While AI narration of audiobooks and articles is increasingly common, this may be the first case of royalty payment for AI-cloned translations in the audiobook world — a growing industry that is forecasted to reach $39 billion globally by 2033, according to market research company market.us.
“As far as I know, this audiobook project is the first one where the narrator earns royalties on a product that uses their AI likeness, but they didn’t create,” Rattner said. “It’s the first that I know of, and it was enough that when I tried to figure it out, I couldn’t find anything. We had to figure it out from scratch. There weren’t templates we could find.”
Sandra Conde, a San Diego actor whose likeness has been scanned into a generative AI gaming project, reviewed details from the contract and said it addresses the interests of publisher and voice actor in an uncharted, fast-changing territory.
“It’s a new frontier kind of thing, where we don’t know what it’s going look like, even like two years from now, or a year from now,” Conde said.
Robert Sciglimpaglia, a Connecticut-based voice actor and entertainment attorney, said the contract is notable because it is groundbreaking — touching upon audiobook narration, translation and AI.
“This is the wild, wild west,” he said. “The (actors’) union doesn’t have anything for (AI) translation that I know about.”
The contract is important because of what’s at stake: “This is a big issue in the audiobook world right now: whether you use human voices or use cloned voices. Because there are some audiobooks being done with AI, and narrators are trying to protect live narration — trying to protect their livelihood,” he said.

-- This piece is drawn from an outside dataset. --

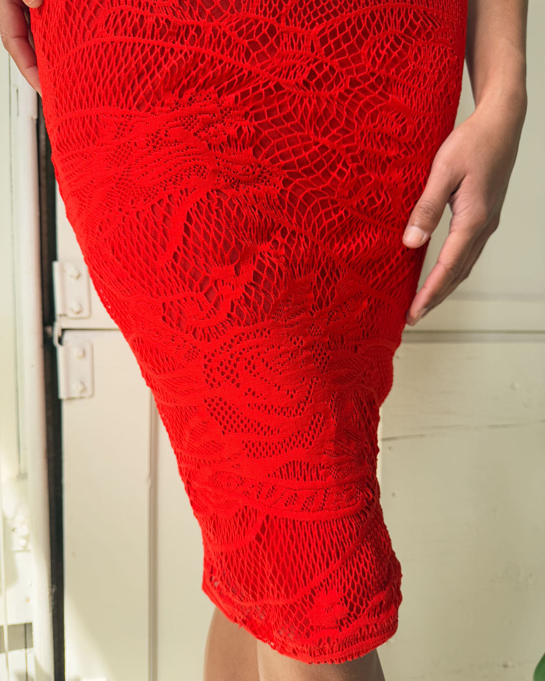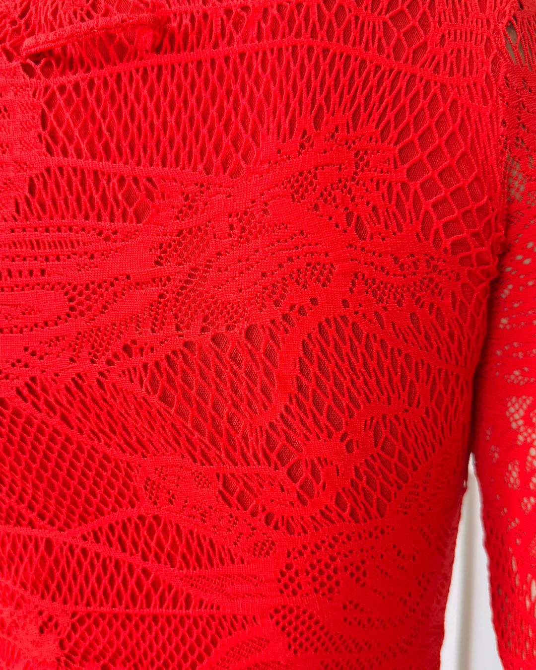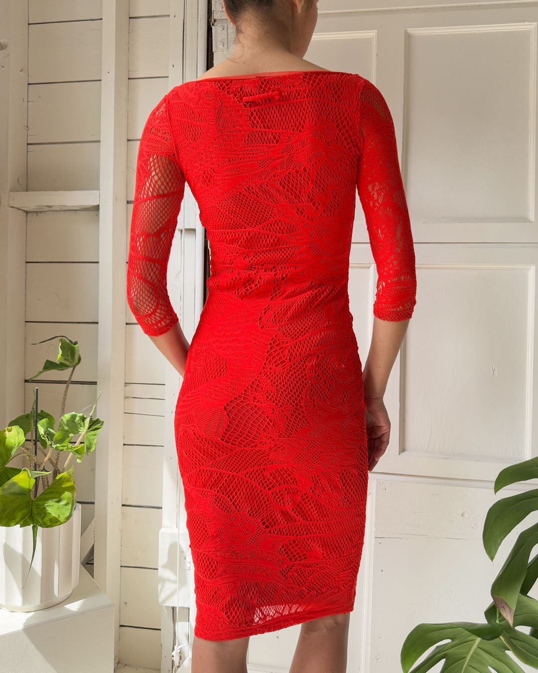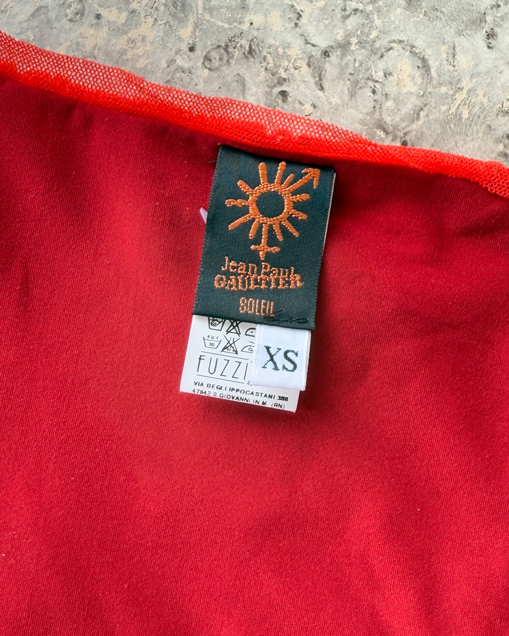 Vintage 1990s Jean Paul Gaultier red bodycon mesh dress with novelty dragon, koi fish and JPG logo pattern.

He said AI will definitely take the place of human narrators.
Sciglimpaglia expressed uncertainty about the extent to which AI will dominate the business, posing questions about the percentage of impact it will have.
Tim Friedlander is the president and co-founder of the National Association of Voice Actors, said this contract is significant, even if it’s just one example, because it allows for human narration to be replaced or supplemented by AI generated material.
Friedlander remarked from Los Angeles that the contract terms will matter in cases where synthetic content is normalized.
He added that human actors have an advantage over AI tools due to their humanity, which enables them to provide nuanced readings based on lived experience, culture, and context.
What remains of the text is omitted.